(GIVEN DATA)
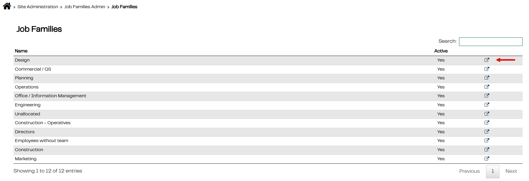 2.Click on the tab Job Families
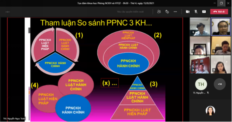 Trình bày tham luận, ThS. Nguyễn Ngọc Toán – Trưởng phòng, Phòng Nghiên cứu Khoa học và Hợp tác Quốc tế tập trung so sánh làm rõ phương pháp nghiên cứu Khoa học Luật Hiến pháp, Khoa học Luật Hành chính và Khoa học Hành chính.
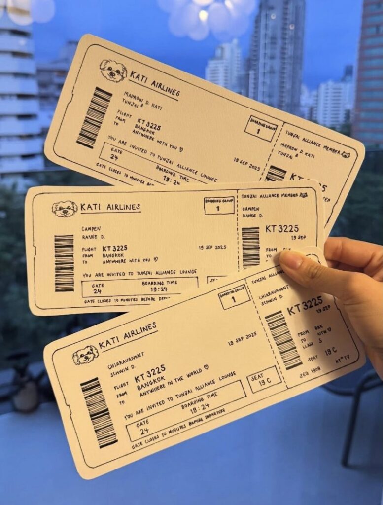 ภายในภาพตั๋วยังมีรายละเอียดน่ารัก ระบุชื่อเจ้าของตั๋วเป็น วิล เบลล่า และยังใส่ชื่อสัตว์เลี้ยงแสนรักของทั้งคู่ไว้ด้วย เพิ่มความน่าประทับใจให้กับของขวัญชิ้นนี้มากยิ่งขึ้น
(End GIVEN DATA)
The response consists of the data above printed line for line, with no pictures.

- _COMPLETED EXERCISE_
 2.Click on the tab Job Families
 Trình bày tham luận, ThS. Nguyễn Ngọc Toán – Trưởng phòng, Phòng Nghiên cứu Khoa học và Hợp tác Quốc tế tập trung so sánh làm rõ phương pháp nghiên cứu Khoa học Luật Hiến pháp, Khoa học Luật Hành chính và Khoa học Hành chính.
 ภายในภาพตั๋วยังมีรายละเอียดน่ารัก ระบุชื่อเจ้าของตั๋วเป็น วิล เบลล่า และยังใส่ชื่อสัตว์เลี้ยงแสนรักของทั้งคู่ไว้ด้วย เพิ่มความน่าประทับใจให้กับของขวัญชิ้นนี้มากยิ่งขึ้น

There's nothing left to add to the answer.